Saturday, May 7, 2016

3 Nephi 11: Hypercube of Hypocrisy

So apparently all the righteous survivors in this quasi-apocalyptic ancient American wasteland have gathered around the water cooler in Bountiful to discuss current events and this Jesus character.

Schroedinger's Trinity
In this chapter, we will learn how the Godhead is really a superposition of two states which allows them to simultaneously exist as three separate beings and one unified being.  Let's begin in verse 14:
Arise and come forth unto me, that ye may thrust your hands into my side, and also that ye may feel the prints of the nails in my hands and in my feet, that ye may know that I am the God of Israel, and the God of the whole earth, and have been slain for the sins of the world.
This, obviously, muddies the Mormon claim that the church rejects the concept of the Trinity, which is kind of a superposition of three states all by itself.  (Yes, I am willing to admit that my knowledge of quantum physics is very generously described as cursory and these jokes probably will not hold up well among those who are actually educated in the field.)  The problem here is that Jesus has just identified himself as God.  But he's the Son of God, isn't he?  How can he be both?  This verse seems to me like it's leaning dangerously toward the evil Trinitarian side. But now let's take a look at verse 27:
...for behold, verily I say unto you, that the Father, and the Son, and the Holy Ghost are one; and I am in the Father, and the Father in me, and the Father and I are one.
Okay, yeah, this makes it sound exactly like the Trinity to me.  Three beings in one.  Pretty standard stuff here.  Until verse 32:
And this is my doctrine, and it is the doctrine which the Father hath given unto me; and I bear record of the Father, and the Father beareth record of me, and the Holy Ghost beareth record of the Father and me; and I bear record that the Father commandeth all men, everywhere, to repent and believe in me.
Okay, wait, so now they're three separate beings, right?  The Father gave the doctrine to the Son, which he wouldn't need to do if they were the same person.  And all the members of the Godhead seem to, I don't know, testify of each other, so it seems pretty evident that these are three individual dudes.  Right?  Wrong, because of verse 36:
And thus will the Father bear record of me, and the Holy Ghost will bear record unto him of the Father and me; for the Father, and I, and the Holy Ghost are one.
And round and round we go.  While it's certainly possible that being "one" is, in this context, metaphorical as opposed to a reference to their physical identities, it sounds to me like the kind of concept that I, as a young Mormon, was taught originated from a group of uninspired men at the Council of Nicaea (although that appears to be inaccurate).
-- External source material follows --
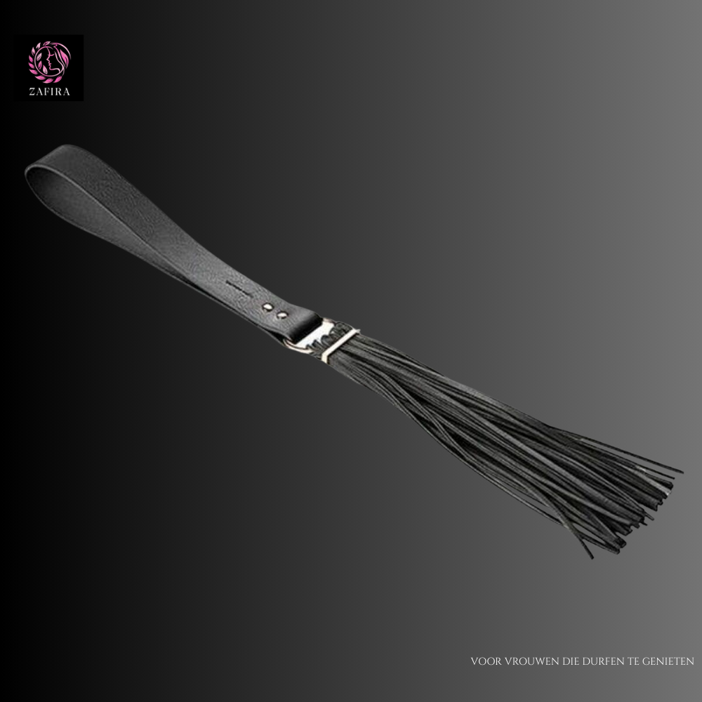Deze stijlvolle zweep in diepzwart straalt pure elegantie en kracht uit. Dankzij het veganistische design en de comfortabele pasvorm in één maat ligt hij soepel in de hand en versterkt hij elke aanraking. Perfect voor wie speelt met de grens tussen macht en overgave, en genot tot kunst verheft.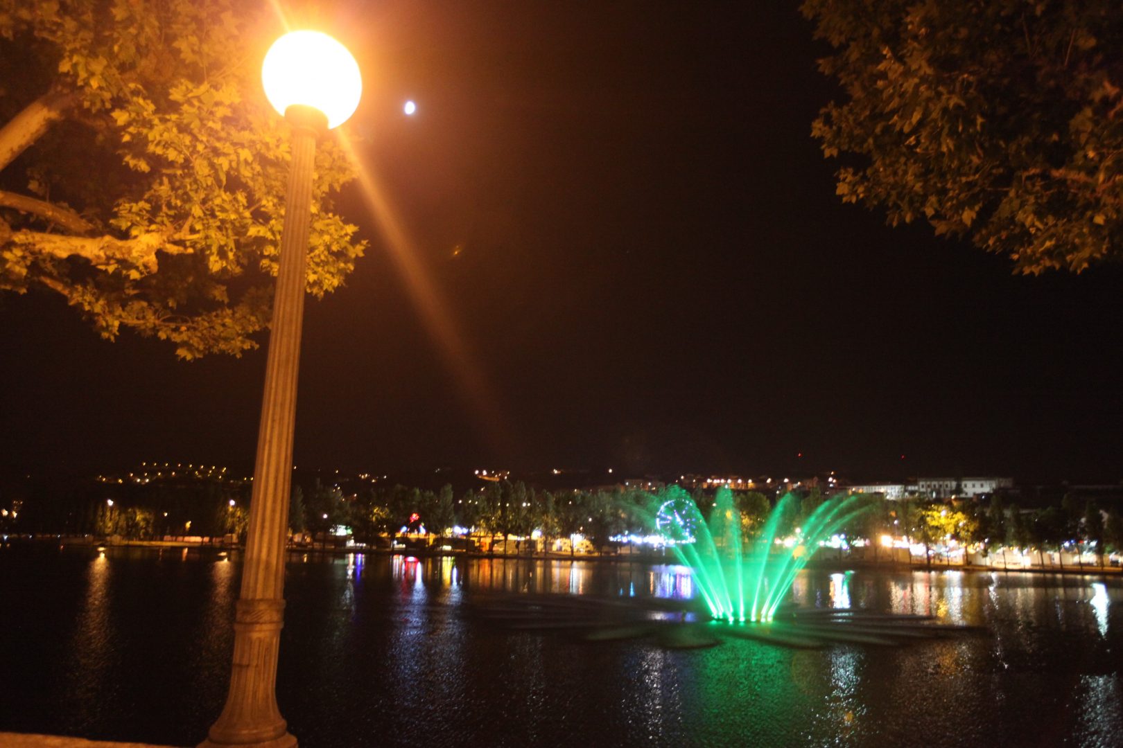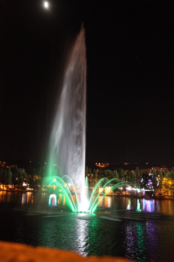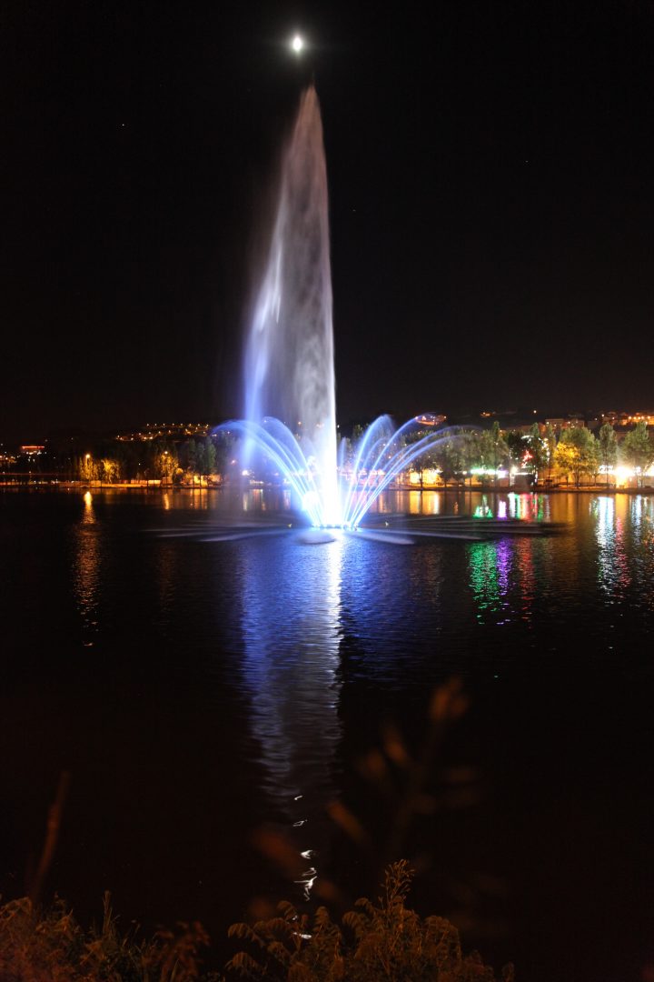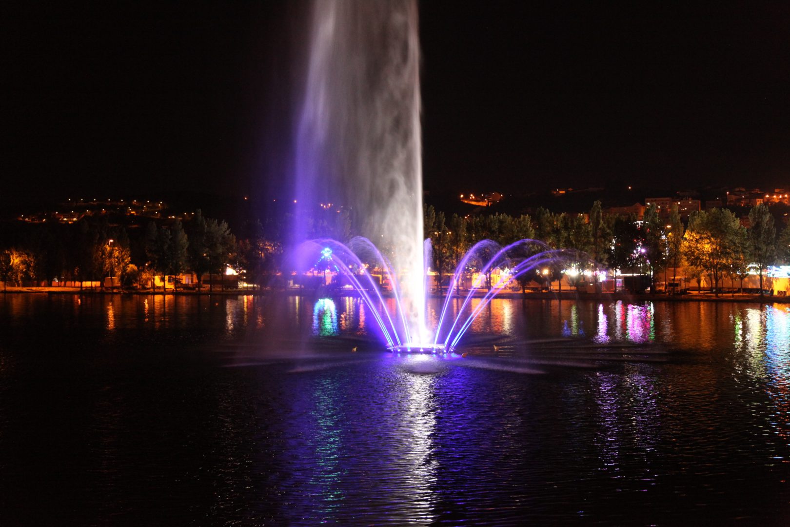 O conjunto cénico completa-se com uma instalação elétrica, composta por projetores LED subaquáticos, totalmente herméticos, que produzem luz branca, vermelha, verde e azul. Os projetores integram um sistema de orientação capaz de dirigir os feixes luminosos, o que resulta num espetacular efeito durante a noite.

Modern Mormonism is very clear about the Trinity being hogwash—God the Father, Jesus Christ, and the Holy Ghost are three competely distinct entities.  But this chapter, nestled in the meaty dramatic climax of the church's central text, seems to be voting three-to-one in favor of a Trinitarian perspective.  Four-to-one if you throw in all the times Jesus is referred to as "the Lord," a title generally reserved for God the Father.

And you know what makes all of this even worse?  Verse 28:
And there shall be no disputations among you, as there have hitherto been; neither shall there be disputations among you concerning the points of my doctrine, as there have hitherto been.
Jesus lays down the law so that there can be a standardized format for official baptisms because he doesn't want his people disputing important doctrines.  Well, then, Sherlock, if you want to avoid doctrinal misconceptions, maybe you should be crystal clear about how many different people you may or may not be.

Note to Joseph Smith:  Learn to plan ahead.  This is the kind of problem you get when your theology evolves beyond—and in glaring contradiction to—your founding book of scripture.

Redundant Ordination
Jesus forgets an important part of Nephi's personal journey in verse 21:
And the Lord said unto him: I give unto you power that ye shall baptize this people when I am again ascended into heaven.
Why does Nephi need to be granted the power to baptize?  He already has the power to do literally anything he wants to, which, logically, would include baptizing people into God's church.  How often do you think people remind Bill Gates that he has the power to hire a secretary if he so chooses?

Also, both times that Nephi has been given priesthood authority, there's been no laying on of hands. Come on, where's the devotion to continuity in the lore?  This is the kind of thing that disappoints lifelong fans.

The Devil is of the Devil
Here's one of my old favorite scripture masteries (verse 29):
For verily, verily I say unto you, he that hath the spirit of contention is not of me, but is of the devil, who is the father of contention, and he stirreth up the hearts of men to contend with anger, one with another.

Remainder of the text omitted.